┌─ Source data

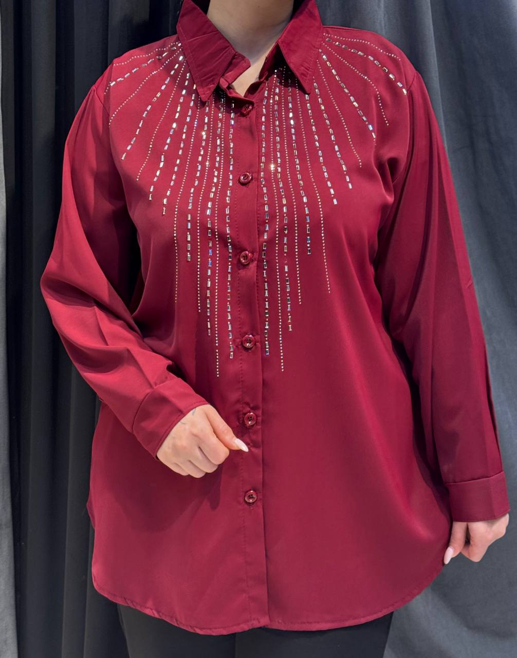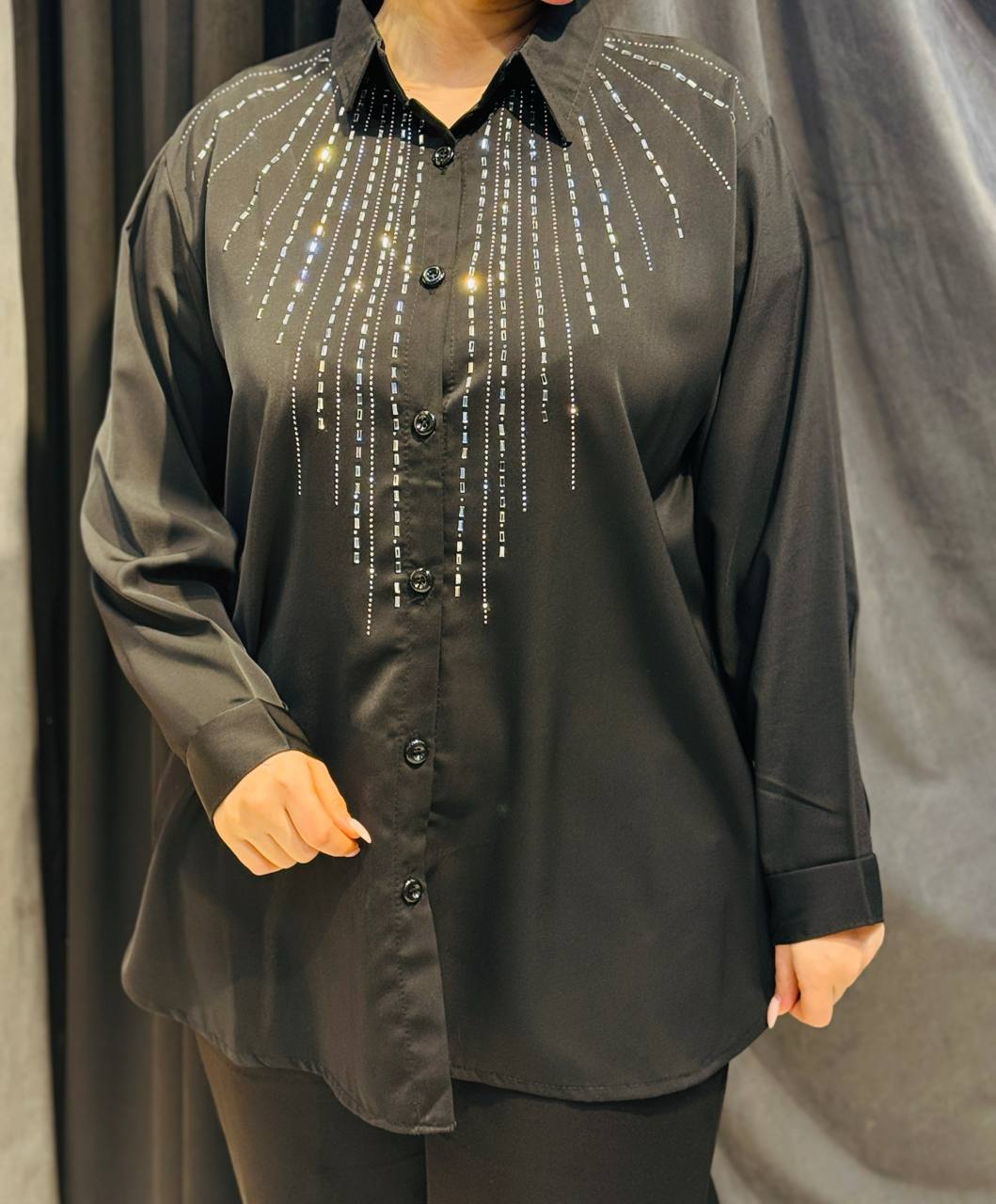 شومیز مجلسی نگیندار مدل جواهر جنس کرپ الیزه اعلا (فریسایز ۴۲ تا ۵۴)
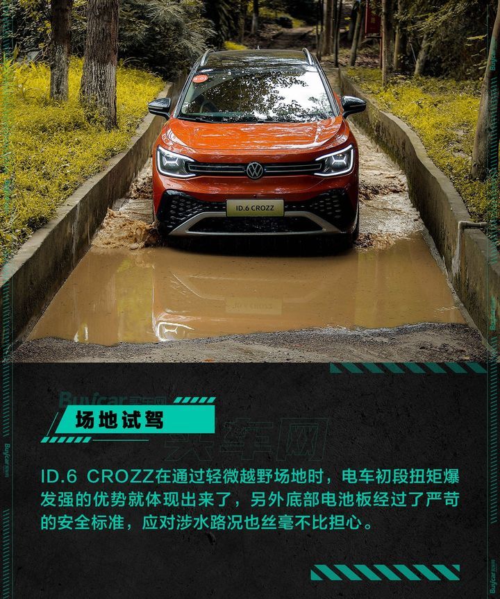当然了,ID.6 CROZZ主要用车环境多为城市路况,厂家安排了越野的科目主要是想向潜在消费者传播,ID.家族的电动车是可以兼顾野外轻越野环境的,也是强调ID.试图打造的生活是全场景的。
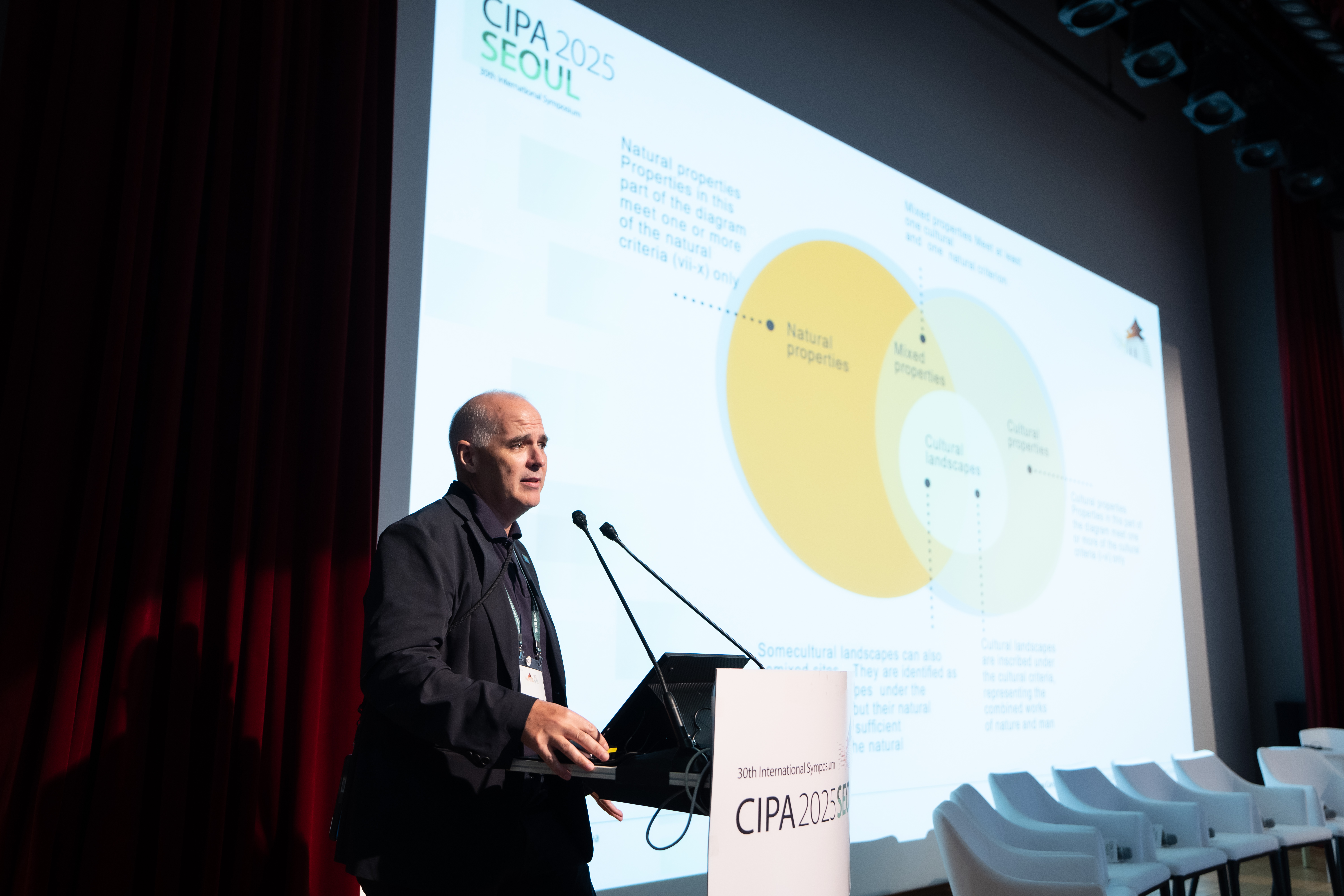Prof. Mario Santana Quintero, Co-Chair of the UNESCO Chair on Digital Twins for UNESCO World Heritage Conservation, speaking at the CIPA 2025 Seoul Special Session. ©CIPA 2025 Seoul
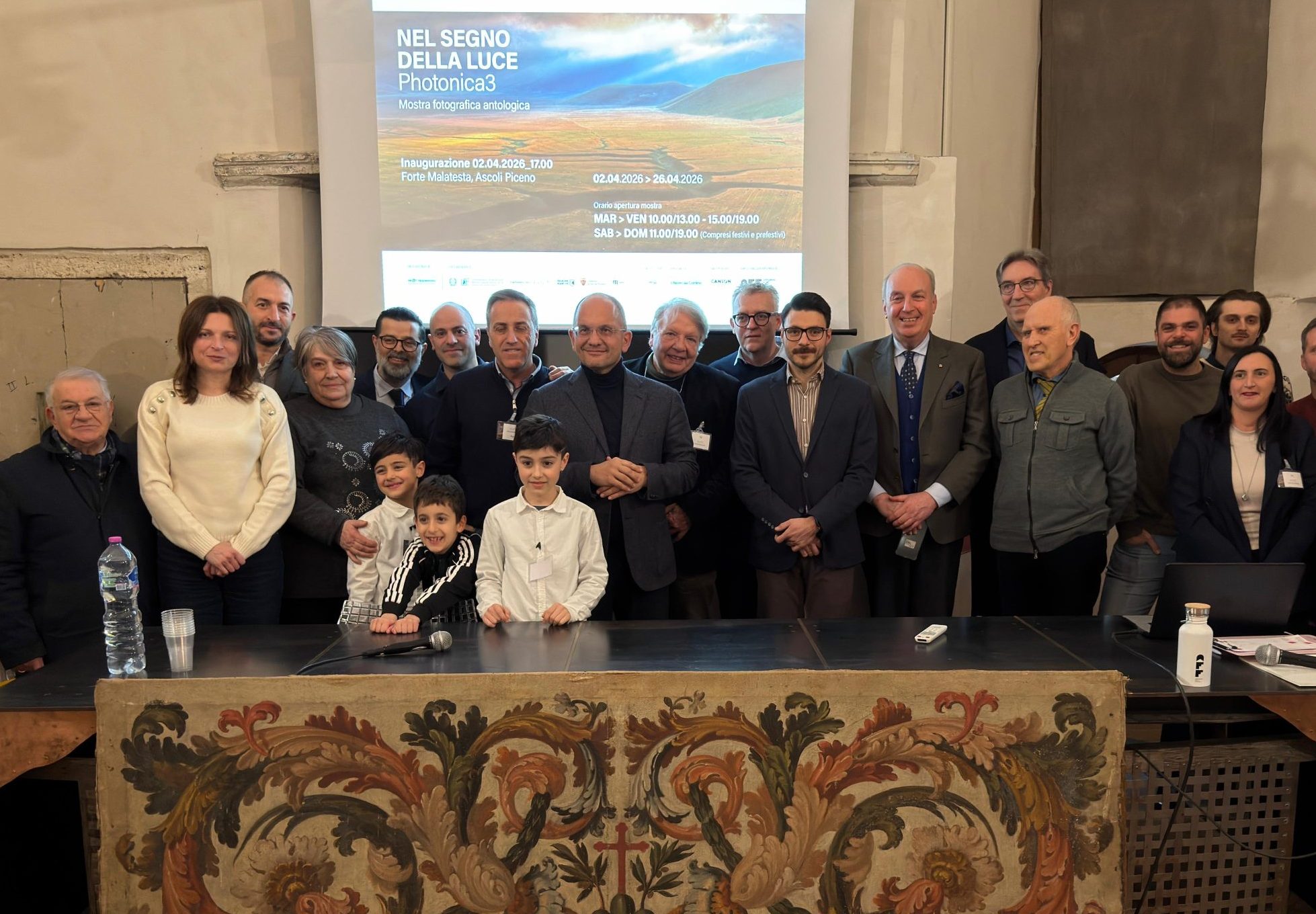 Contestualmente è stato presentato anche il volume fotografico legato al progetto: una raccolta che riunisce gli scatti più rappresentativi del collettivo, frutto di una selezione complessa realizzata su circa mezzo milione di fotografie. Il titolo della mostra e del libro racchiude un significato doppio: la luce come elemento essenziale della fotografia e, allo stesso tempo, come dimensione spirituale e affettiva. La mostra è infatti dedicata alla memoria di Lorenzo Lambertucci, componente del gruppo scomparso prematuramente, autore di molte immagini esposte e della fotografia scelta per la copertina del libro e dell’esposizione. L’assessore alla Cultura del Comune di Ascoli Piceno, Donatella Ferretti, ha sottolineato il valore di questa presenza in città: «Siamo felici di accogliere un collettivo che arriva dalle aree interne, troppo spesso trascurate. Ringrazio il commissario Castelli per l’attenzione non solo alla ricostruzione materiale, ma anche alla riparazione del tessuto sociale e del senso di comunità». Il direttore dei Musei Civici di Ascoli Piceno, Stefano Papetti, ha evidenziato la qualità artistica degli scatti: «Queste non sono semplici immagini di paesaggio. C’è competenza tecnica, ma soprattutto sensibilità. Giacomo Leopardi sosteneva che quando vediamo il ritratto di una persona o di un luogo che conosciamo siamo più impressionati a vederne la riproduzione che la presenza, perché emerge la sensibilità di chi ha riprodotto quel ritratto. Ecco, questo è un modo molto interessante di vedere le fotografie di Photonica3 che raccontano luoghi che conosciamo e che portano la luce non della fotografia, ma della loro interiorità attraverso la fotografia».
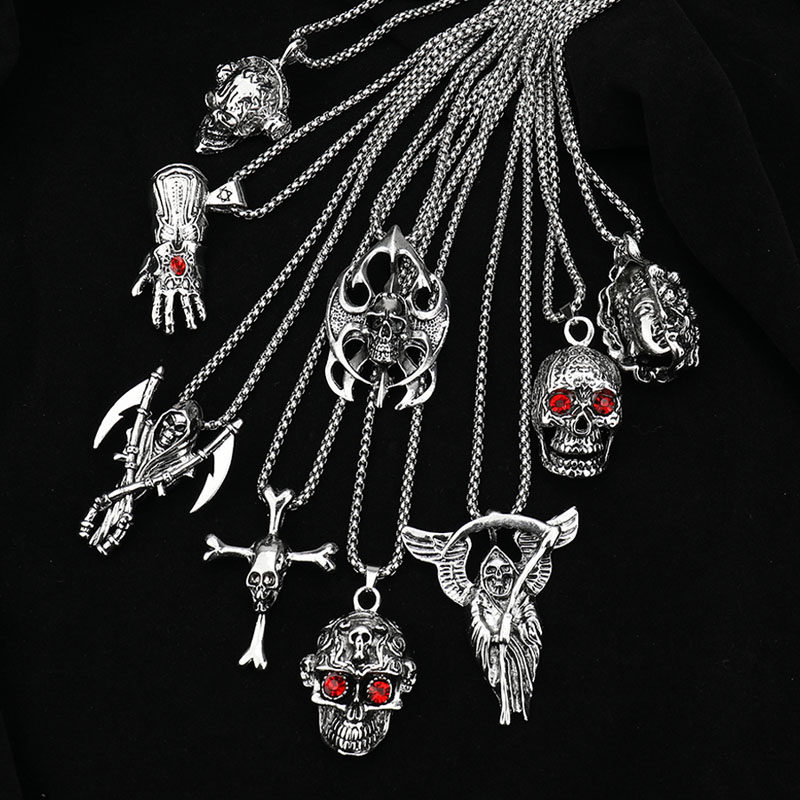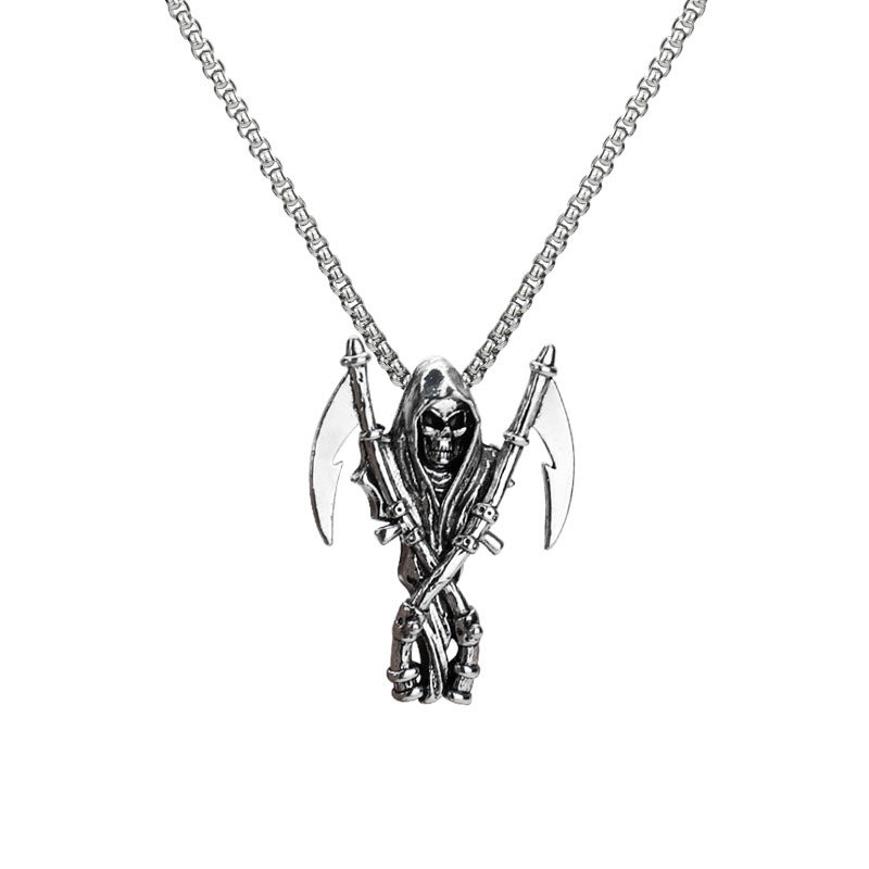 死神骷髅项链时尚冷淡风蹦迪潮牌欧美毛衣链配饰霸气百搭吊坠男

└─

#### Aim of the exercise:
The reply should hold exactly the lines above, starting at the line with "当然了,ID.6 CROZZ" and ending at the line with "Prof. Mario Santana", and no pictures.

#### Task answer:
当然了,ID.6 CROZZ主要用车环境多为城市路况,厂家安排了越野的科目主要是想向潜在消费者传播,ID.家族的电动车是可以兼顾野外轻越野环境的,也是强调ID.试图打造的生活是全场景的。
Prof. Mario Santana Quintero, Co-Chair of the UNESCO Chair on Digital Twins for UNESCO World Heritage Conservation, speaking at the CIPA 2025 Seoul Special Session. ©CIPA 2025 Seoul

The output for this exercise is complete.